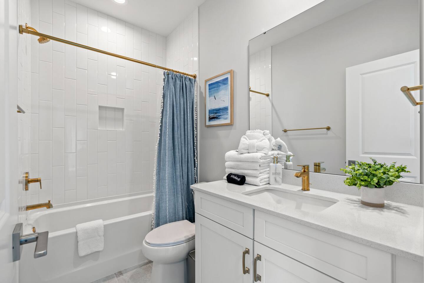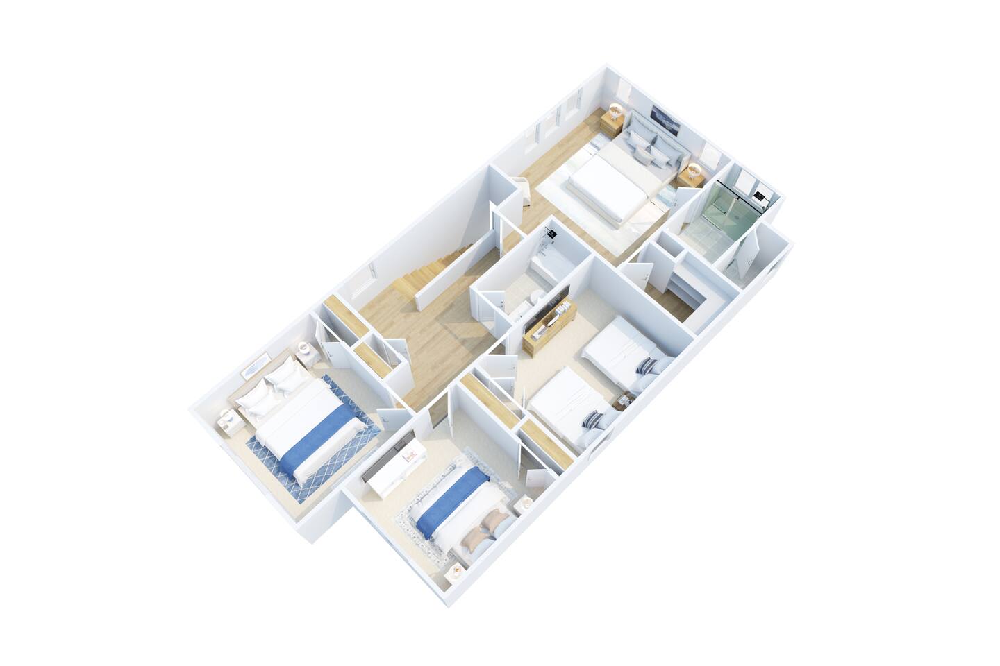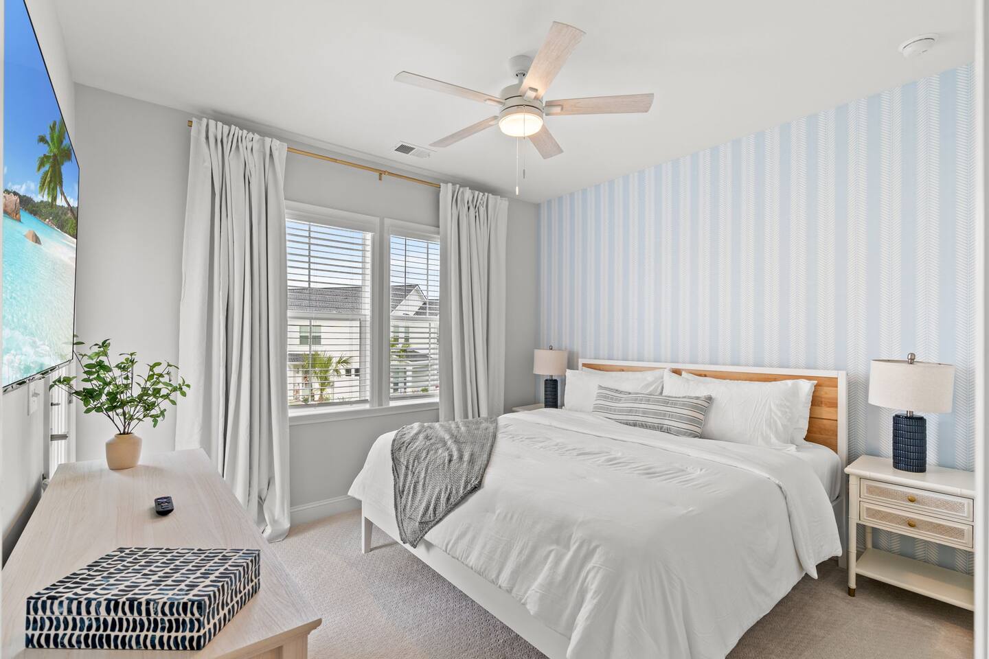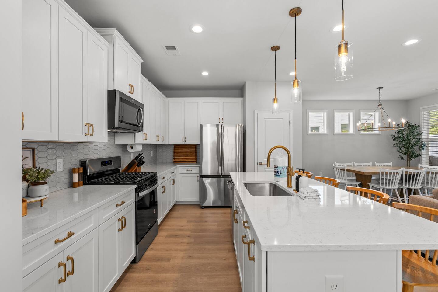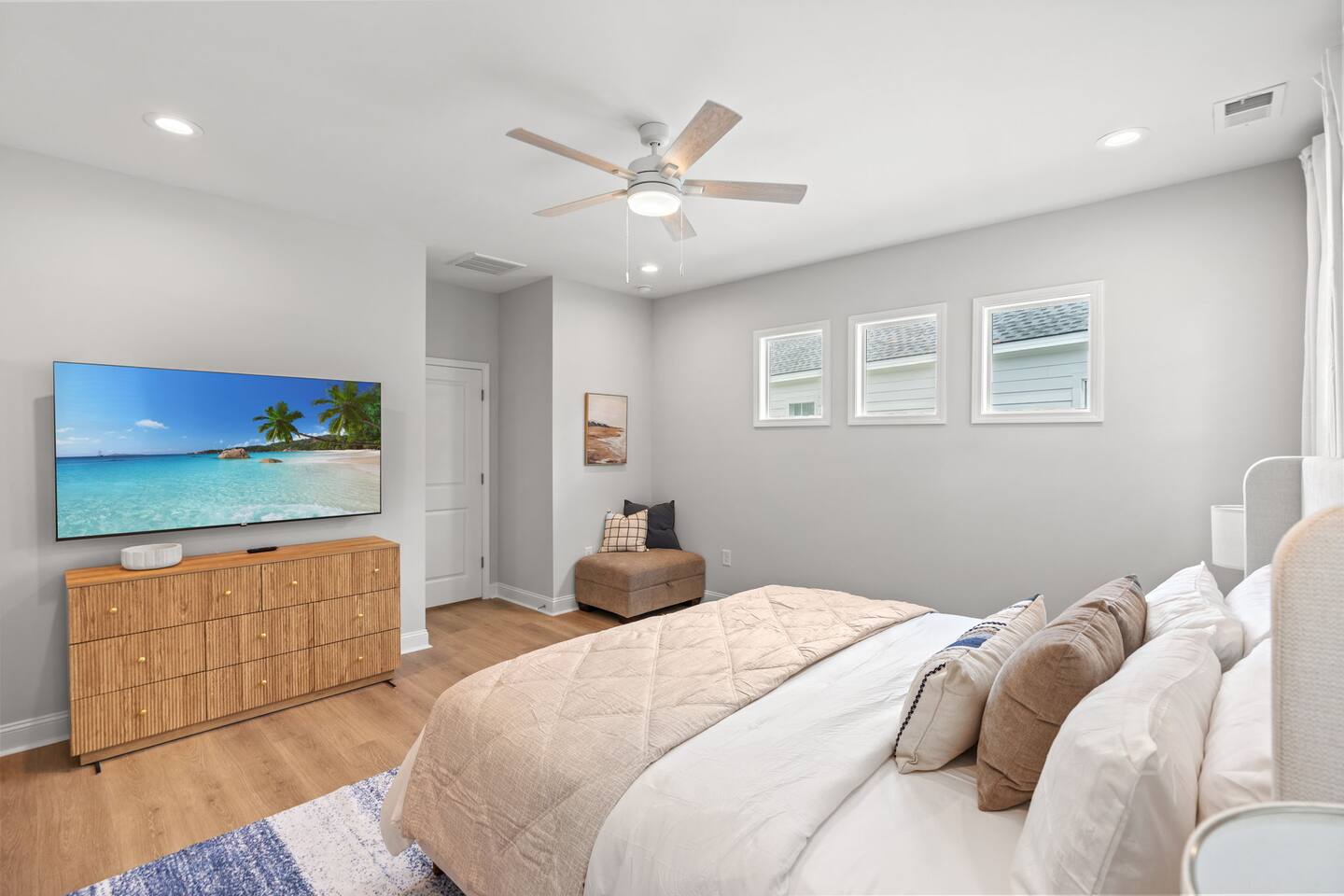 🛋 Modern, Bright & Airy Living Spaces Step into a fresh, open-concept living room with abundant natural light, coastal décor, and plush seating. A large Roku smart TV makes movie nights easy, while high-speed Wi-Fi keeps everyone connected. 🍳 Fully Equipped Kitchen + Dining for 8 Cook with ease in a full kitchen stocked with essentials — stainless steel Whirlpool appliances, drip coffee maker + Keurig, blender, baking sheets, children’s dinnerware, and more. Gather around the spacious dining table with seating for eight, or take meals outside to the patio for fresh air. 🛏 Comfortable Bedrooms for Every Guest • Bedroom 1 (Primary): King bed + en-suite bathroom with double vanity, glass shower, and enclosed toilet. Roku smart TV. • Bedroom 2: King bed, shared hallway bath. Roku smart TV. • Bedroom 3: King bed, shared hallway bath. Roku smart TV. • Bedroom 4: Two full beds, shared hallway bath. Roku smart TV. Every bedroom includes a closet, ceiling fan, and blackout shades. Extra pillows, blankets, and a pack ’n play + high chair are also provided. 🛁 Bathrooms • Primary en-suite: Double vanity + walk-in shower • Full bath (hallway): Tub/shower combo + single vanity • Half bath (downstairs): Convenient for guests and common areas Fresh linens, towels, and starter toiletries are stocked for each stay. 🎮 Private Arcade + Family Fun The garage doubles as an entertainment zone with two full-size arcade machines and a massive 75″ Roku TV. Outside, you’ll find cornhole and battle putt games for friendly competition. 💦 Private Hot Tub Oasis Step onto the covered back patio to your own private hot tub (drained, sanitized, and refilled after every guest). Unwind with the soothing jets, mood lighting, and comfortable seating. 🧺 Laundry + Practical Amenities Enjoy an in-unit washer and dryer with provided laundry pods. The home also offers central heating & dual-zone AC, an electric fireplace, and a fully stocked kitchen for a stress-free stay.
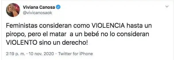 "Feministas consideran como VIOLENCIA hasta un piropo, pero el matar a un bebé no lo conideran VIOLENTO sino un derecho" escribió en su cuenta de Twitter, donde recibió un sinfín de comentarios apoyando su postura. Obviamente, hubo otros que la criticaron y le pidieron que la reviera. Hace unos años, en una marcha antiaborto, Canosa participó de una especie de "acting" en donde se simulaban una ecografía y un parto "en vivo y en directo".
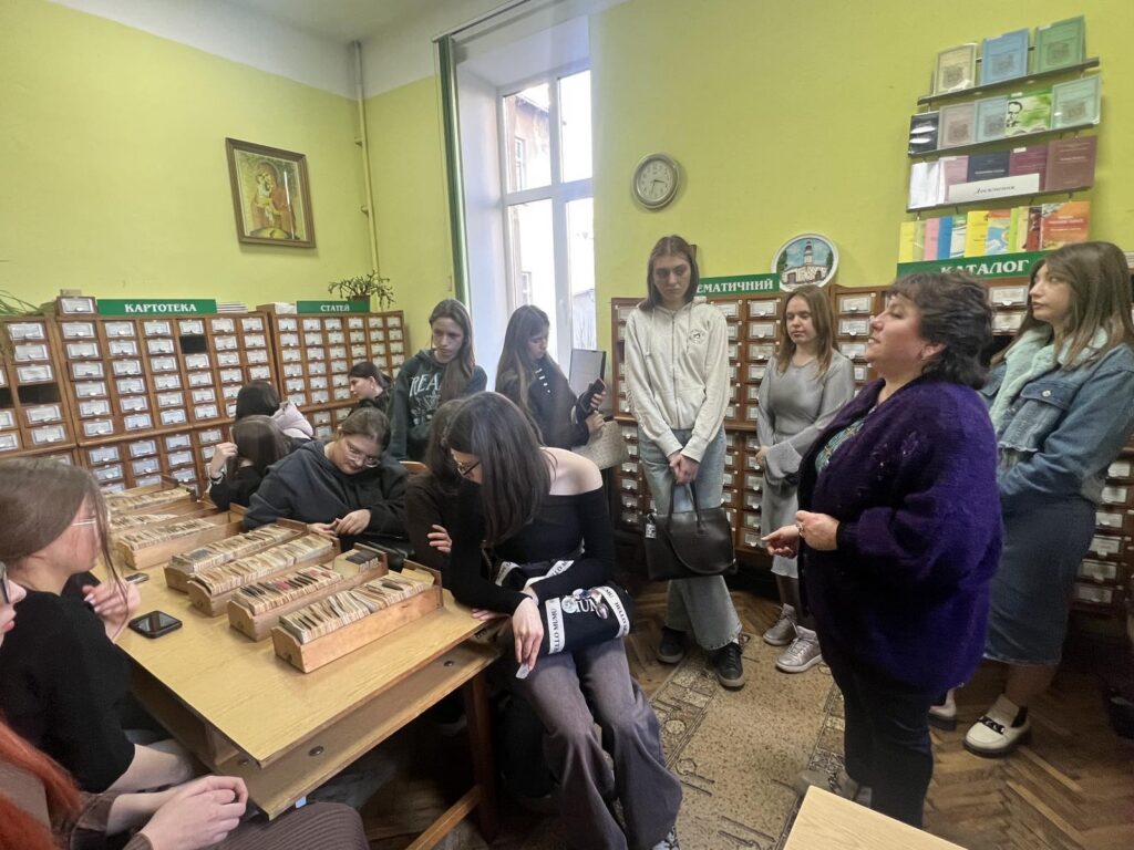 Завідувачка інформаційно-бібліографічного відділу Розалія Кивацька подала студентам цікаву і корисну інформацію щодо пошуку необхідних наукових джерел в каталозі.
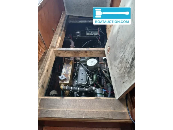 The boat is fitted with a Mercedes inboard diesel engine of 37 hp, with four cylinders and electric start. Instruments are present such as an oil pressure gauge and temperature gauge. At the same time, it is important to know that the engine leaks oil and is not operational. The engineâs functioning is therefore stated as unknown. The ignition key is also missing. For a buyer, this means she is mainly interesting as a project boat, where overhaul, repair or replacement of parts may be a realistic next step. Anyone searching for a motorboat project, steel motorboat with diesel or refurbishment motorboat will find a boat here where the technical side clearly requires attention.
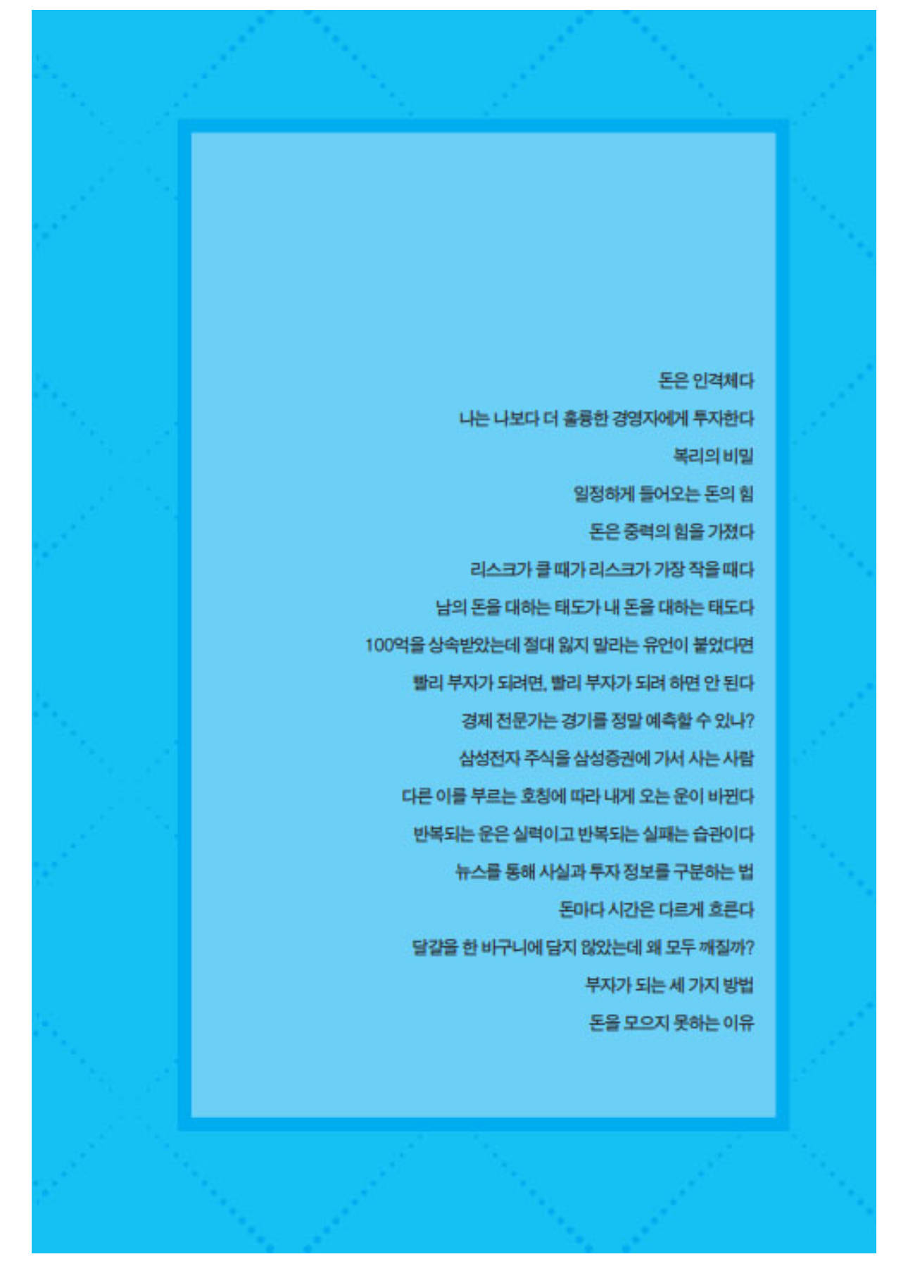 근데 졸린 상태에서 항상 읽어서 그런건지 24년에 읽은 책 중 그렇게까지 강렬했던 책은 없었던 와중 단순히 경제/재테크 책인 줄로만 알았는데 생활/자기계발에 대한 조언들도 꽤 많아서 이번년도에 읽은 책들 중 정말 추천할 만한 책이고, 그래서 정리하고 싶어서 정리해놓으려한다. (다시 내가 꺼내보기용)
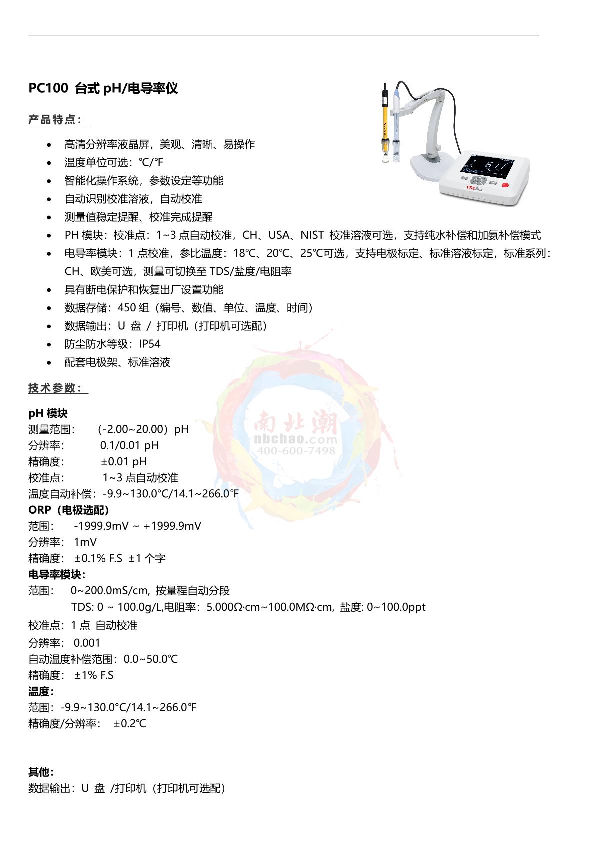 DDKSIC PC100 Benchtop pH, Conductivity Meter pH/mV (ORP electrode optional)/conductivity/resistivity/TDS/salinity/℃0.01 level(-2.000~20.000)pH0.1/0.01¥4330.0SE -
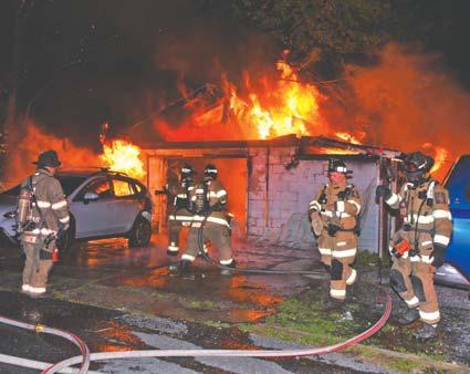 On April 27, 2025, Swatara Township Box 49-1 sent Company 91, Engines 301, 50, 55, 59 and 2-13, Truck 32, Rescue 88, RIT69, and Squad 8 to 4th Avenue in the Oberlin section of the township, fora structure fire at 0457 hours. Responding units advised of a callerreporting flames and smoke from across the street. Chief 91-6 (Bradnick) arrived to a well involved, detached garage and vehicle to the rear of a 5th Avenue garage. Engine 91 dumped the monitor, then two lines were pulled, knocking down the bulk of the fire in less than 10 minutes. The fire was placed undercontrol at 0513 hours. - Fire News photo by Jason Coleman-Cobb
━━━━━━━━━━━━━━━━
◆ **Directions**: All that should appear in the response is the run of lines from the one with "근데 졸린 상태에서 항상" through the final line of the records, restated exactly, with pictures omitted.

◆ **Output of the exercise**:
 근데 졸린 상태에서 항상 읽어서 그런건지 24년에 읽은 책 중 그렇게까지 강렬했던 책은 없었던 와중 단순히 경제/재테크 책인 줄로만 알았는데 생활/자기계발에 대한 조언들도 꽤 많아서 이번년도에 읽은 책들 중 정말 추천할 만한 책이고, 그래서 정리하고 싶어서 정리해놓으려한다. (다시 내가 꺼내보기용)
 DDKSIC PC100 Benchtop pH, Conductivity Meter pH/mV (ORP electrode optional)/conductivity/resistivity/TDS/salinity/℃0.01 level(-2.000~20.000)pH0.1/0.01¥4330.0SE -
 On April 27, 2025, Swatara Township Box 49-1 sent Company 91, Engines 301, 50, 55, 59 and 2-13, Truck 32, Rescue 88, RIT69, and Squad 8 to 4th Avenue in the Oberlin section of the township, fora structure fire at 0457 hours. Responding units advised of a callerreporting flames and smoke from across the street. Chief 91-6 (Bradnick) arrived to a well involved, detached garage and vehicle to the rear of a 5th Avenue garage. Engine 91 dumped the monitor, then two lines were pulled, knocking down the bulk of the fire in less than 10 minutes. The fire was placed undercontrol at 0513 hours. - Fire News photo by Jason Coleman-Cobb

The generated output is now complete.